A shadow fell across them, cast by a woman whose soft robes of emerald silk clung to the curves of breasts and belly and thighs like a caress. A belt woven of golden cords was about her waist. Ropes of pearls encircled her wrists and neck, and two more, as large as a man’s thumbnail, were at her ears. Behind her a tall Shemite, the iron collar of a slave on his neck and a bored expression on his face, stood laden with packages from the Bazaar. She dropped a silver coin in Peor’s bowl, but her sultry gaze was all for Conan.

The muscular youth enjoyed the looks women gave him, as a normal matter, but this one examined him as if he were a horse in the auction barns. And to make matters worse a scowl grew on the Shemite’s face as though he recognized a rival. Conan’s face grew hot with anger. He opened his mouth, but she spoke first.

“My husband would never approve the purchase,” she smiled, and walked away with undulating hips. The Shemite hurried after her, casting a self-satisfied glance over his shoulder at Conan as he went.

Peor’s bony fingers fished the coin from the bowl. With a cackle that showed he had regained at least some of his humor, he tucked it into his pouch. “And she’d pay a hundred times so much for a single night with you, Cimmerian. Two hundred. A more pleasant way to earn your coin than scrambling over rooftops, eh?”

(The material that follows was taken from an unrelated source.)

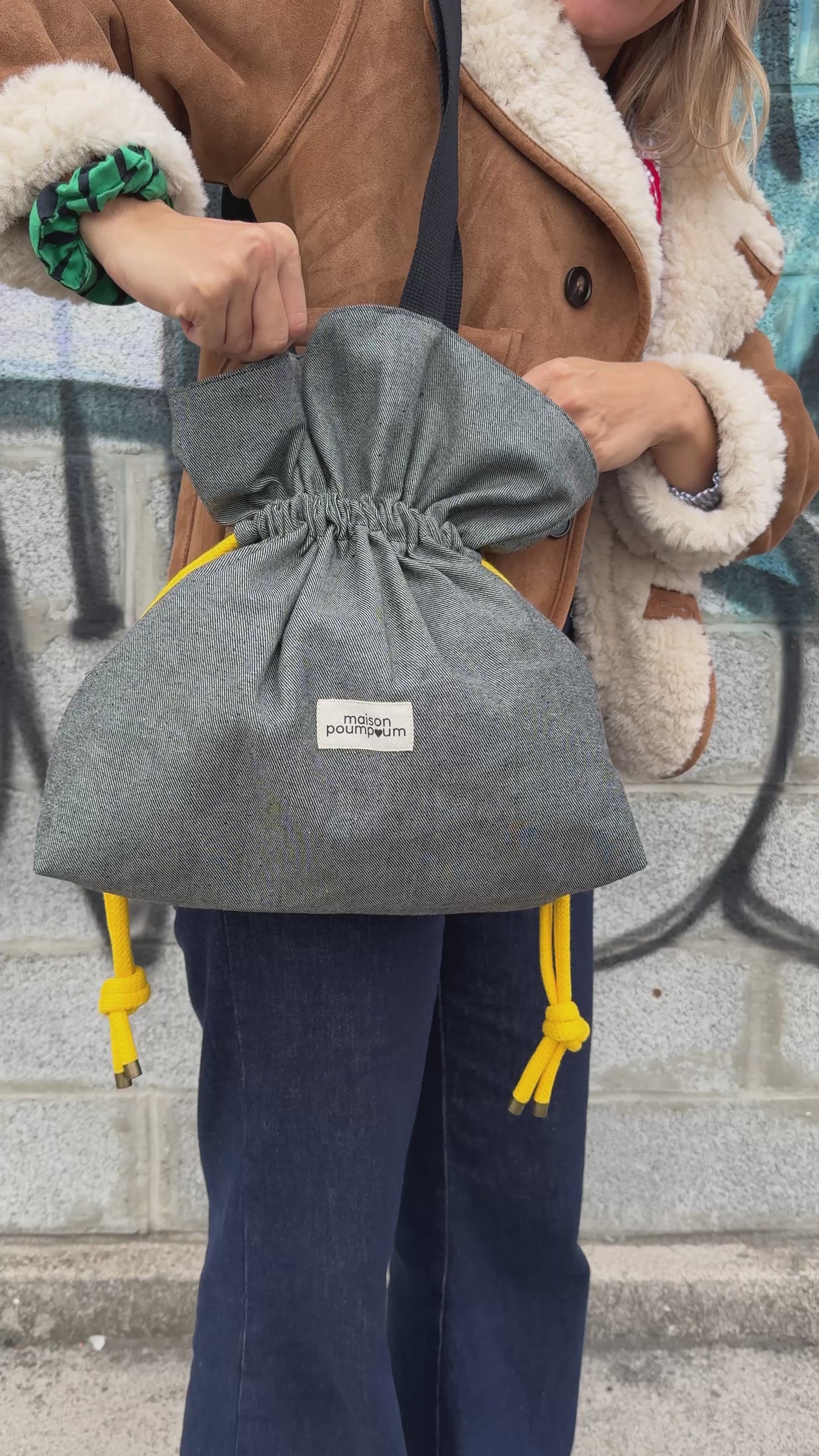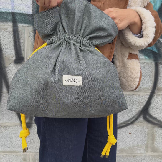 Le sac bourse en jean gris Maison Poumpoum, c’est le parfait équilibre entre style décontracté et détails raffinés.

“Would you like that leg broken in truth?” Conan growled.

The beggar’s cackles grew until they took him into a fit of coughing. When he could breathe normally again, he wiped the back of his hand across his thin-lipped mouth. “No doubt I would earn even more in my bowl. My knee hurts of a night for leaving it so all day, but that fall was the best thing that ever happened to me.”